Entré en el portal contiguo al de la boîte Tabú. En la acera ya no estaba el automóvil que había traído a la muchacha. Cerré por dentro y encendí la luz de la escalera. Al fondo había un patio lleno de cajas de botellas. Me empujaba una ira tan pura y tan poderosa como la fría voluntad de cazar, como el instinto de matar a otros para no morir yo. En otro tiempo yo había matado, cuerpo a cuerpo, manejando en mi mano derecha un cuchillo o firmando una orden de ejecución. Ahora aquel instinto olvidado renacía en mí como el rencor y la furia de la juventud. Había una pequeña puerta enrejada en el patio. Hice saltar la cerradura con el destornillador. Reconocí el corredor con bombillas rojas que llevaba a los camerinos y busqué el de Rebeca Osorio. Sentada de espaldas al espejo, una mujer gorda, con el pelo teñido de rubio, estaba cosiendo un vestido. El hombre de la espalda torcida conversaba con ella, haciendo ademanes femeninos que mi llegada interrumpió. ¿Cómo no me di cuenta antes de que llevaba colorete en los pómulos?
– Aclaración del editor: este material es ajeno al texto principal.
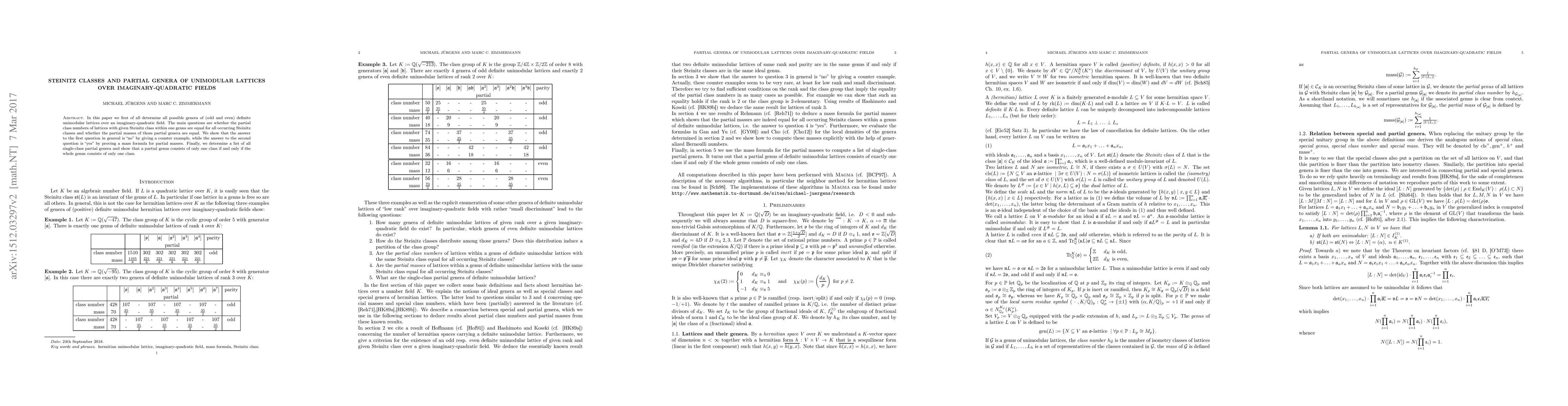 This paper investigates the genera of unimodular lattices over imaginary-quadratic fields, finding that partial class numbers are not universally equal across Steinitz classes but proving a mass formula for partial genera. It concludes that a partial genus contains only one class if the entire genus does so.

– Capitán Darman -dijo, sin sorpresa, como si hubiera estado esperándome y lamentara mi temeridad-. Le dije que no viniera. Se lo pedí.

– Quiero verla -me acerqué a ellos, con el destornillador en la mano, y la mujer gorda retrocedió, soltando la costura, que cayó entre sus pies-. Usted me llevará.

– No se fíe de su imaginación, capitán -el hombre sonreía, y las arrugas de su cara abrían leves hendiduras en el maquillaje-. Usted cree que la vio entrar, pero no es cierto. La impaciencia sexual provoca alucinaciones. Esa muchacha es una alucinación de sus ojos.

La mujer gorda se enredaba nerviosamente los dedos con anillos sobre el vientre abultado. Tenía la cara lisa y brillante como porcelana y sus cejas eran dos largas líneas pintadas. Sentados allí, en el camerino, con las rodillas juntas, como dos mujeres que charlan para distraer la costura, parecían los guardianes de un recinto impenetrable y trivial, los celadores de un prostíbulo.

– Está bien -dijo el hombre de la espalda torcida, levantando las manos, como si lo amenazara un revólver-. Si no me cree yo mismo le mostraré las dependencias de la casa. Pero los sueños son mentira, capitán. Pura mentira, como las películas que poníamos en el Universal Cinema.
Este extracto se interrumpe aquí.